Most stateless Bedoon in Kuwait belong to northern tribes (especially Al-Muntafiq). The northern tribes of Kuwait are predominantly Shia Muslims. A minority of stateless Bedoon in Kuwait belong to Kuwait's 'Ajam community. The Kuwaiti judicial system's lack of authority to rule on citizenship further complicates the Bedoon crisis, leaving Bedoon no access to the judiciary to present evidence and plead their case for citizenship. Although non-nationals constitute 70% of Kuwait's total population, the Al Sabah ruling family persistently denies citizenship to most non-nationals including those who fully satisfy the requirements for naturalization as stipulated in the state's official Nationality Law. The Kuwaiti authorities permit the forgeries of hundreds of thousands of politically-motivated naturalizations, while simultaneously denying citizenship to the Bedoon. The politically-motivated naturalizations were noted by the United Nations, political activists, scholars, researchers, and even members of the Al Sabah family. It is widely considered a form of deliberate demographic engineering. It has been likened to Bahrain's politically-motivated naturalization policy. Within the GCC countries, politically-motivated naturalization policies are referred to as "political naturalization" (التجنيس السياسي).

Legal discrimination
Kuwait has more than 300 non-Muslim citizens, mostly Christians and Bahais. In 1982, the parliament amended the constitution to bar non-Muslims from naturalization. There have been multiple proposals made to amend the nationality law to allow non-Muslims to become citizens, but in 2019 the government made clear that its policy was to keep "the current text."

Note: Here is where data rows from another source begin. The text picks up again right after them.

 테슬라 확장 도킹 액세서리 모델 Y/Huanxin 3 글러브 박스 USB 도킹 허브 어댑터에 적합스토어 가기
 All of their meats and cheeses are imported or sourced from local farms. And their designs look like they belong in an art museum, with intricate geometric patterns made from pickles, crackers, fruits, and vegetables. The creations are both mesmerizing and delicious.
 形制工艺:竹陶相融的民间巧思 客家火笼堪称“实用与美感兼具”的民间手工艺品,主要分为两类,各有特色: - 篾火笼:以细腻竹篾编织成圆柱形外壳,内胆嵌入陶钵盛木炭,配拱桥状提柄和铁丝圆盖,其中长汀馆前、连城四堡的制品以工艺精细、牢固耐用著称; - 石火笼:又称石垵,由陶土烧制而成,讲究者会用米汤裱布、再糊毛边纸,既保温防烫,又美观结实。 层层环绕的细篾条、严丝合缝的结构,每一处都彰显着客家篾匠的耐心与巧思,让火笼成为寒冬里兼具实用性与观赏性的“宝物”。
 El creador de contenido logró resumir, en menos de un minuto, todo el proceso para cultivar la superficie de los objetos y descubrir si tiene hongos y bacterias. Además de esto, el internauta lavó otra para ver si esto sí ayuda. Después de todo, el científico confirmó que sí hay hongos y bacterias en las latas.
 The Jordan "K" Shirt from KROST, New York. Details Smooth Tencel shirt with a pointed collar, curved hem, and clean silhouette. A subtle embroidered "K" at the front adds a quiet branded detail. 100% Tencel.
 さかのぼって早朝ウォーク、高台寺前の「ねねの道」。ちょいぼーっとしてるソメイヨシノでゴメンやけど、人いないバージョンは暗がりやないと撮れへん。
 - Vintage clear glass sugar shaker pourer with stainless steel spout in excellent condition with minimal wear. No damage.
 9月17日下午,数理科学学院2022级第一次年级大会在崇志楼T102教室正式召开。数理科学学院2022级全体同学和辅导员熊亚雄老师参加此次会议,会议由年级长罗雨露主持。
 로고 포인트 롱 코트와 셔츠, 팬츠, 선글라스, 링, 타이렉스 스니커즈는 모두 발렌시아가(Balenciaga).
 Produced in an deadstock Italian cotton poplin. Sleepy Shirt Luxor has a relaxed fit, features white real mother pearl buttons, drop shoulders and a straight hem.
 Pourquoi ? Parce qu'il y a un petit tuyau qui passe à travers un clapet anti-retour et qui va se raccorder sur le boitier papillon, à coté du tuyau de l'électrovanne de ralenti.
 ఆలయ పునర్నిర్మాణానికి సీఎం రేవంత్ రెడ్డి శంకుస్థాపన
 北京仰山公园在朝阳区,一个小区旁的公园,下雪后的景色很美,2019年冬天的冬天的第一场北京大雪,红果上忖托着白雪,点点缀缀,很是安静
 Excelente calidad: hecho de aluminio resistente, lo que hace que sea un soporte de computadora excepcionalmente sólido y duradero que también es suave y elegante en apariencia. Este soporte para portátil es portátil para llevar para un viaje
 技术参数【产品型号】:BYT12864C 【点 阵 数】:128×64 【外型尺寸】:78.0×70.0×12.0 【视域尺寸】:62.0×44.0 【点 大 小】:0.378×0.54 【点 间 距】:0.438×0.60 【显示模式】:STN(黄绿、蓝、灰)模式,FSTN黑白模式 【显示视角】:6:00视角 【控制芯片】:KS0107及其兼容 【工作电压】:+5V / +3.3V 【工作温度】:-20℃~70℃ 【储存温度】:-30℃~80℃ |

The late Nabeel al-Fadhel submitted an inquiry to the Constitutional Court questioning the constitutionality of barring non-Muslims from obtaining the Kuwaiti nationality. The most recent proposal was made by Saleh Ashour who suggested the repeal of item 5 of article 4 of the nationality law.

Original Kuwaitis 
An original Kuwaiti is a person who settled in Kuwait before 1920. A person who believes that he has maintained his normal residence in Kuwait even though he is living in another country if he has intended to go back to Kuwait is also an original Kuwaiti.

By Birth 
Children born to unknown parents in Kuwait are considered to be Kuwaiti citizens by birth.Children born to foreign parents in Kuwait will not be entitled for Kuwaiti Citizenship

By Descent 
A child born to a Kuwaiti father irrespective of the place of birth is a Kuwaiti citizen.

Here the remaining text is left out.